» EXERCISE: Only the lines from the one that contains "A student tunes in on the iPad." through the end of the entries, both included, should be transcribed, exactly and without pictures.

[[ RECORDS TO PROCESS open ]]

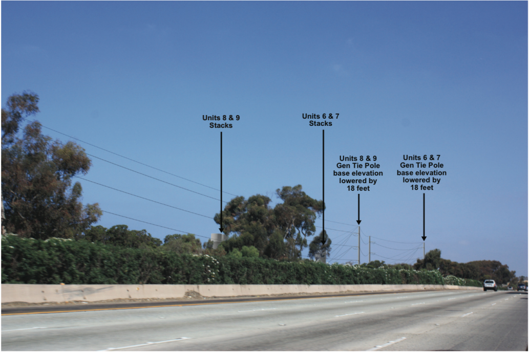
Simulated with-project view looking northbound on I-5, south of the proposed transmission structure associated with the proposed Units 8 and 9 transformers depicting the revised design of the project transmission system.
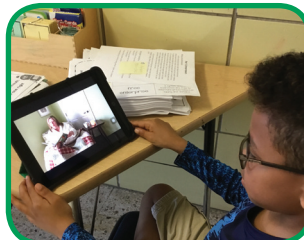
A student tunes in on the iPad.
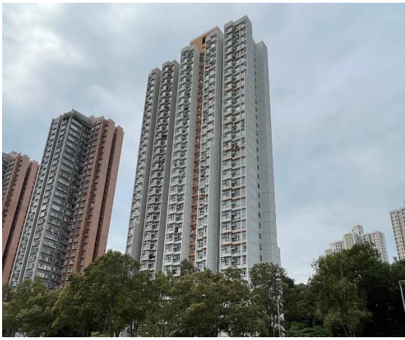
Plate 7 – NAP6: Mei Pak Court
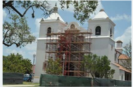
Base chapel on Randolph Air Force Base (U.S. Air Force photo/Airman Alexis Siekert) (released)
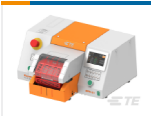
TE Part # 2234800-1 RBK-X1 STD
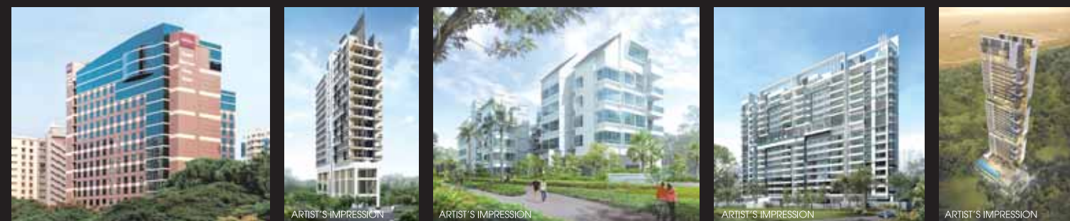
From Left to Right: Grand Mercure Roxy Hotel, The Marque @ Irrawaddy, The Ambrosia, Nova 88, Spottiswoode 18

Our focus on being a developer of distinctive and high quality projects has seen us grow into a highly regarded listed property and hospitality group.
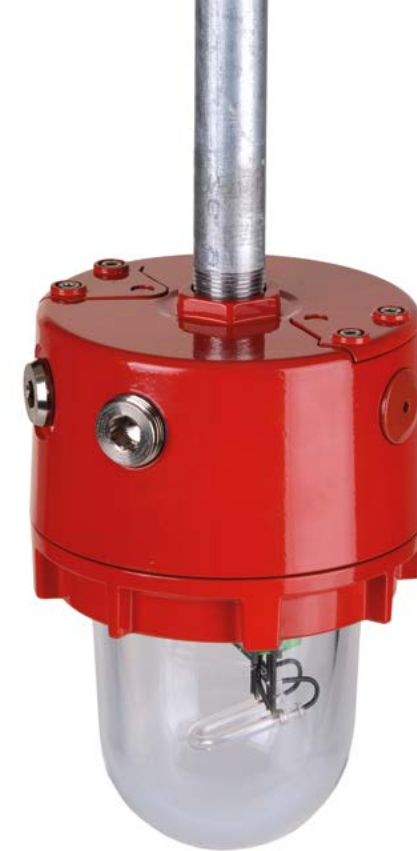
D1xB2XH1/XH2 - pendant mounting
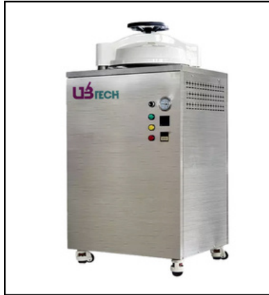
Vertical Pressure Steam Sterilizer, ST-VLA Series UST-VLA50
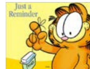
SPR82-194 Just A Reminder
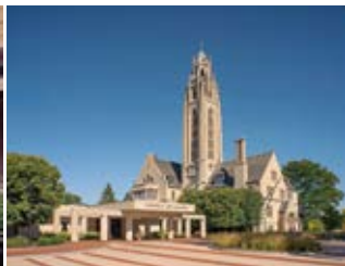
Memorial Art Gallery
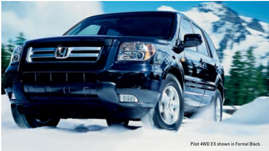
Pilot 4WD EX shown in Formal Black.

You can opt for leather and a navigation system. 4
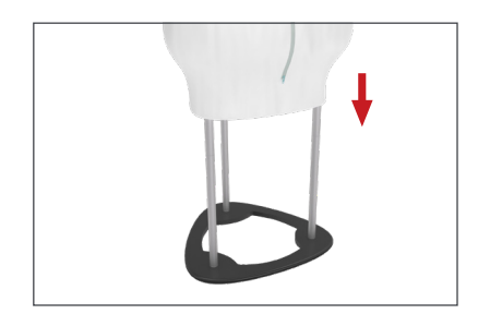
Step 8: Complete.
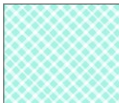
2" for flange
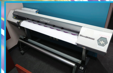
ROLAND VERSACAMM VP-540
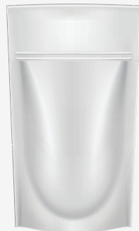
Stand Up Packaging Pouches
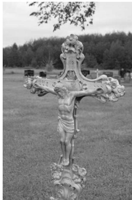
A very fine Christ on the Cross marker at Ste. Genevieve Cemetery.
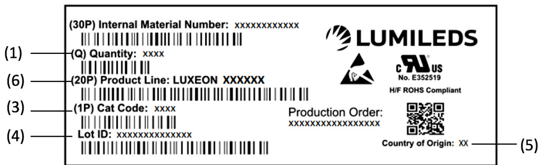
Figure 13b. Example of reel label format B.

[[ RECORDS TO PROCESS closed ]]

» EXERCISE RESPONSE:
A student tunes in on the iPad.
Plate 7 – NAP6: Mei Pak Court
Base chapel on Randolph Air Force Base (U.S. Air Force photo/Airman Alexis Siekert) (released)
TE Part # 2234800-1 RBK-X1 STD
From Left to Right: Grand Mercure Roxy Hotel, The Marque @ Irrawaddy, The Ambrosia, Nova 88, Spottiswoode 18

Our focus on being a developer of distinctive and high quality projects has seen us grow into a highly regarded listed property and hospitality group.
D1xB2XH1/XH2 - pendant mounting
Vertical Pressure Steam Sterilizer, ST-VLA Series UST-VLA50
SPR82-194 Just A Reminder
Memorial Art Gallery
Pilot 4WD EX shown in Formal Black.

You can opt for leather and a navigation system. 4
Step 8: Complete.
2" for flange
ROLAND VERSACAMM VP-540
Stand Up Packaging Pouches
A very fine Christ on the Cross marker at Ste. Genevieve Cemetery.
Figure 13b. Example of reel label format B.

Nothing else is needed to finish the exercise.